Boy, did these places have houses with decorations. The whole shebang—Santa and his reindeer on the roof, usually fully lit with spotlights, and lots of figures on the lawn, including penguins, snowmen, angels, Snoopy, sometimes even Garfield, and, lots of inanimate Christmas items such as candles, large inflated ornaments, North Poles, whatever. These were usually internally lit, but a real practitioner would make sure these were spotlit as well. And, of course, thousands and thousands of outdoor Christmas lights—along the roofline and eaves, around the garden, up the walkway and around the front door, in the trees, the shrubs, in some cases even around the boat on the trailer in the driveway. This was serious lighting.
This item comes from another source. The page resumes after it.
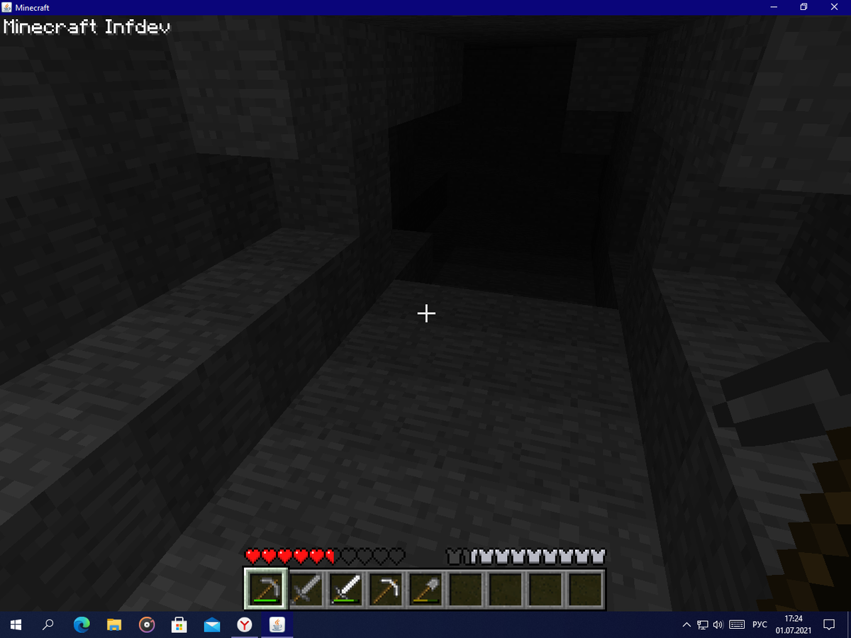 Это предпоследняя альфа-версия на сегодня. В ней опять обновили вид от 3-его лица сзади и теперь он похож на тот, что есть сейчас. В этой версии я почти не выходил на улицу и копался в шахте до тех пор, пока у меня не сломались все 4 каменные кирки. За этот поход я смог добыть 12 железной руды, много угля и несколько стаков булыжника.

We knew streets in Weymouth, or Edison, where I imagine the grid was being stressed all night because of the lights. It was, it must be said, splendid. Urban light pollution? You bet.
So this evening, on our second Christmas in the US since we moved away, we went looking. Jeez, what happened? It’s all, well, how to put this? Boring. Not that the decorations have changed. Santa and his reindeer, including Rudolph, are still up there on the roof. The lawns are still covered with Snoopys and penguins and Frostys. But it’s not the same. What happened? Everyone seems to have gotten rid of those large outdoor incandescent lights, the ones that consumed a tanker of oil each night, and replaced them with those little itty bitty white lights. Italian lights, we used to call them, although I don’t imagine we call them that any more. But there they are, everywhere, looking, well, nice. People go whole-hog to make sure there isn’t an inch of unoccupied space on the roof and the lawn, and then they illuminate it all with these little itty bitty lights? Or lites, which seems the more appropriate spelling. What is this?
They say there’s a war on Christmas. Well, maybe there is. It’s a war to replace tasteless over the top deranged drop-dead astonishing outdoor Christmas extravaganzas with something that looks designed by Martha Stewart. What is the world coming to? Honestly, if this great nation can’t muster the courage to blow a couple of power stations at Christmas any more, what hope is there?